▶ **Task directions**
Copy out exactly the lines beginning with the one that contains "パワーストーン モリオン アクアマリン" and ending at the last line of the listing, skipping any pictures.

▶ **Raw data**
=-=-=-=-=

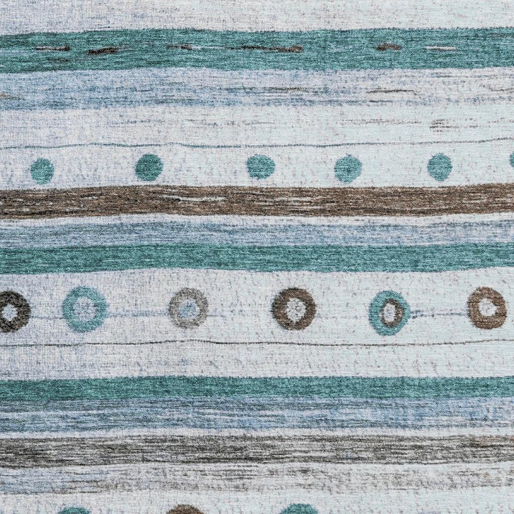 Set an inviting tone in your space with this 3-foot x 5-foot teal brown and ivory striped washable area rug with uv protection. Ideal for spaces with kids and pets, this rug is stain resistant to help repel dirt and spilled liquids. Built to last, this rug crafted from polyester fibers is known for its durability and long lasting appeal. Rugs are a great way to showcase your style, hide imperfections, warm your home and reduce noise. This smaller sized, transitional styled rug is just what you need for your walkway, bedside, in front of door, cabinet, refrigerator, or chair. 36.00-inch h x 60.00-inch w x 0.39-inch d.
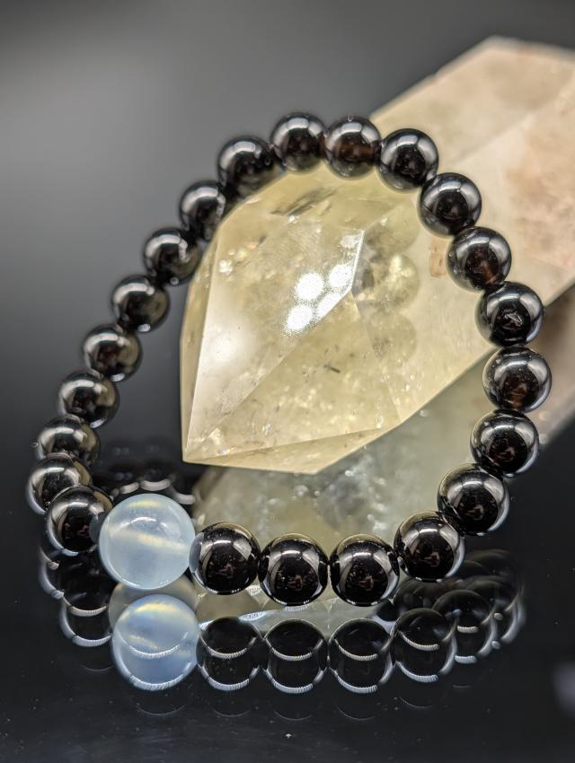 パワーストーン モリオン アクアマリン 8mm 親玉9〜10mm 最高品質 鑑別済み ブレスレット 黒水晶 縁切り 厄除け お守り 天然石 メンズ レディース
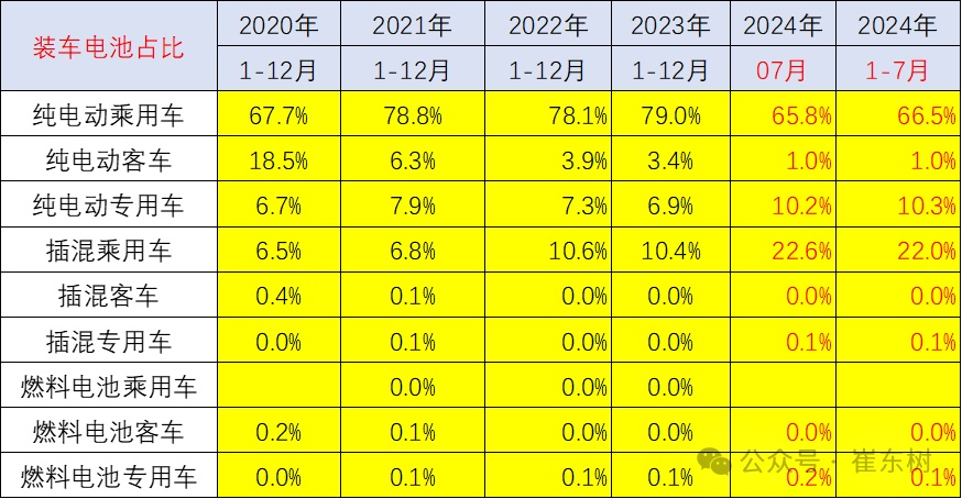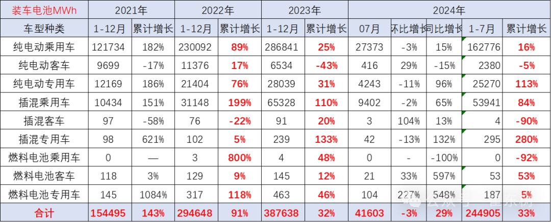 乘用车电池需求增长持续较强,2024年的纯电动乘用车的电池需求增长16%,而插混乘用车的电池需求增长84%,持续较强增长。由于客车新能源需求较弱,7月客车的电池降15%,而纯电动专用车的电池需求是大幅增长96%。

=-=-=-=-=

▶ **Response**
 パワーストーン モリオン アクアマリン 8mm 親玉9〜10mm 最高品質 鑑別済み ブレスレット 黒水晶 縁切り 厄除け お守り 天然石 メンズ レディース
 乘用车电池需求增长持续较强,2024年的纯电动乘用车的电池需求增长16%,而插混乘用车的电池需求增长84%,持续较强增长。由于客车新能源需求较弱,7月客车的电池降15%,而纯电动专用车的电池需求是大幅增长96%。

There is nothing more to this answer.